Data extracted from a collection:
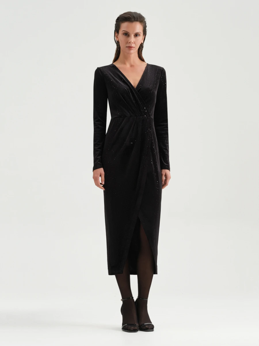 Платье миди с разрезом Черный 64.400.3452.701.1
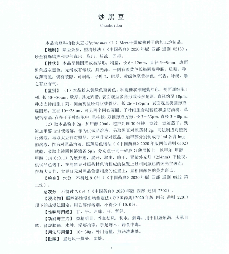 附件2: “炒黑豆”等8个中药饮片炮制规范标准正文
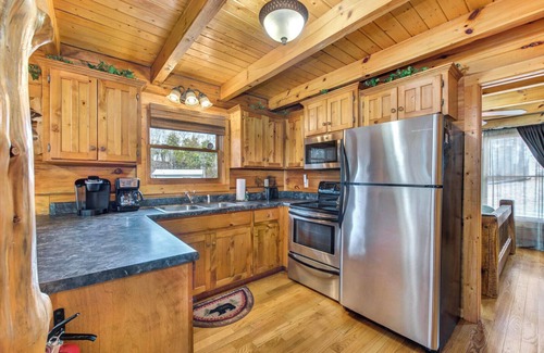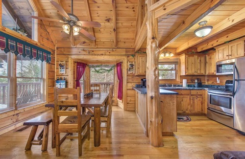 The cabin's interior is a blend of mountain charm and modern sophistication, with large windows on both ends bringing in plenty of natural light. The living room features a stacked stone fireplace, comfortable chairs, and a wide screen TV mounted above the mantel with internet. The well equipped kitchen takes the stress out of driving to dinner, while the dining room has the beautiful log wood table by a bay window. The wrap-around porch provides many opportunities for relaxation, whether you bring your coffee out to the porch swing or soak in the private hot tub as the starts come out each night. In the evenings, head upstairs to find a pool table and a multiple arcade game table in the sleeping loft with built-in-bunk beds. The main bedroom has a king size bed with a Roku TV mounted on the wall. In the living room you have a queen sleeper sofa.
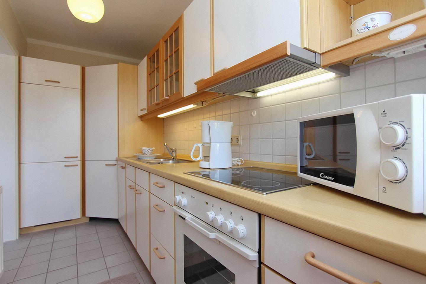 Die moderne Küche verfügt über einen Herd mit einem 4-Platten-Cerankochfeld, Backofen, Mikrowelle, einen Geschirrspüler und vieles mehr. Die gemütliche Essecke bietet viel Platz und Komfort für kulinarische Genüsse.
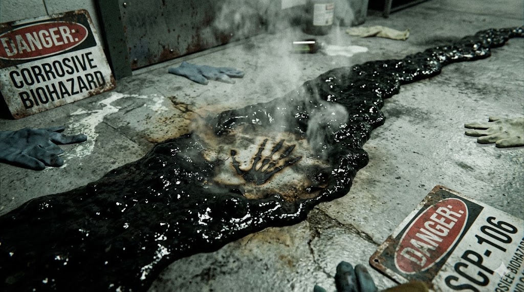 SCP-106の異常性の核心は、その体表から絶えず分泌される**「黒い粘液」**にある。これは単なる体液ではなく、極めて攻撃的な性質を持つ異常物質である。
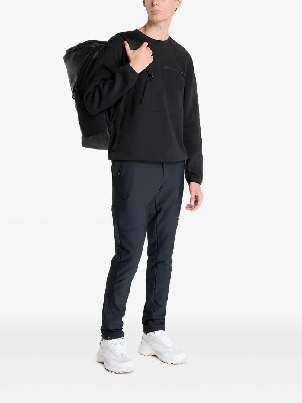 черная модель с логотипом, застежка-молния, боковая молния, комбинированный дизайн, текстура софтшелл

> **WHAT THE EXERCISE ASKS**
Beginning with the line that holds "Die moderne Küche" and continuing to the end of the entries above, set down each line exactly, both ends included; include no pictures.

> **SOLUTION TO THIS PROBLEM**
 Die moderne Küche verfügt über einen Herd mit einem 4-Platten-Cerankochfeld, Backofen, Mikrowelle, einen Geschirrspüler und vieles mehr. Die gemütliche Essecke bietet viel Platz und Komfort für kulinarische Genüsse.
 SCP-106の異常性の核心は、その体表から絶えず分泌される**「黒い粘液」**にある。これは単なる体液ではなく、極めて攻撃的な性質を持つ異常物質である。
 черная модель с логотипом, застежка-молния, боковая молния, комбинированный дизайн, текстура софтшелл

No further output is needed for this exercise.